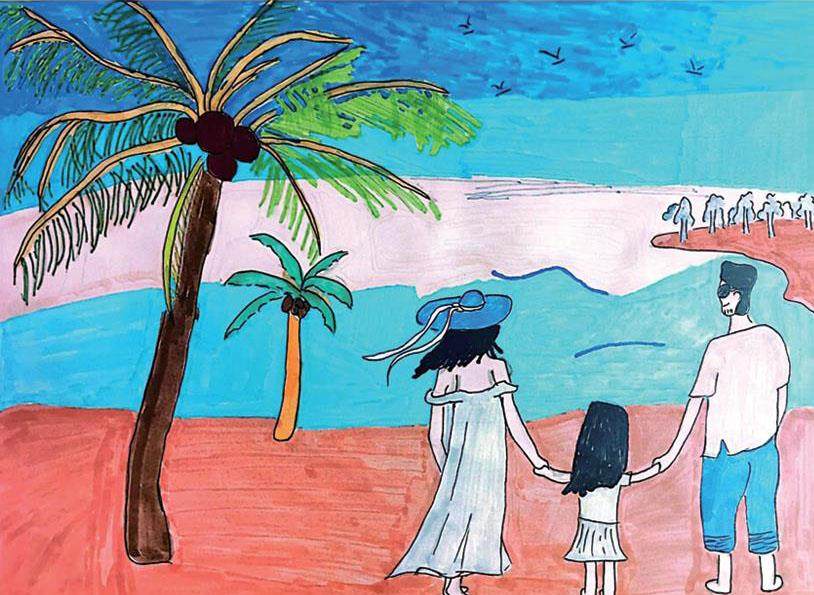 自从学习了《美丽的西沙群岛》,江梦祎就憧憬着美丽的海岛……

• • • • •

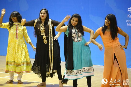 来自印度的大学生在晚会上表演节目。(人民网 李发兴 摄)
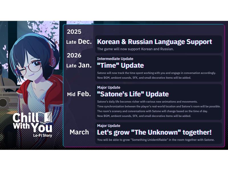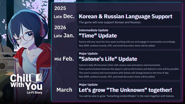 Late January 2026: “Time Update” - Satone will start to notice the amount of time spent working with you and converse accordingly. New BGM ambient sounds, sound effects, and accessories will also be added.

• • • • •

- _What the exercise asks_: Copy out exactly the material that runs from the line with "来自印度的大学生在晚会上表演节目。(人民网 李发兴 摄)" to the line with "also be added.", ends included, and leave the pictures behind.

- _Written response_:
 来自印度的大学生在晚会上表演节目。(人民网 李发兴 摄)
 Late January 2026: “Time Update” - Satone will start to notice the amount of time spent working with you and converse accordingly. New BGM ambient sounds, sound effects, and accessories will also be added.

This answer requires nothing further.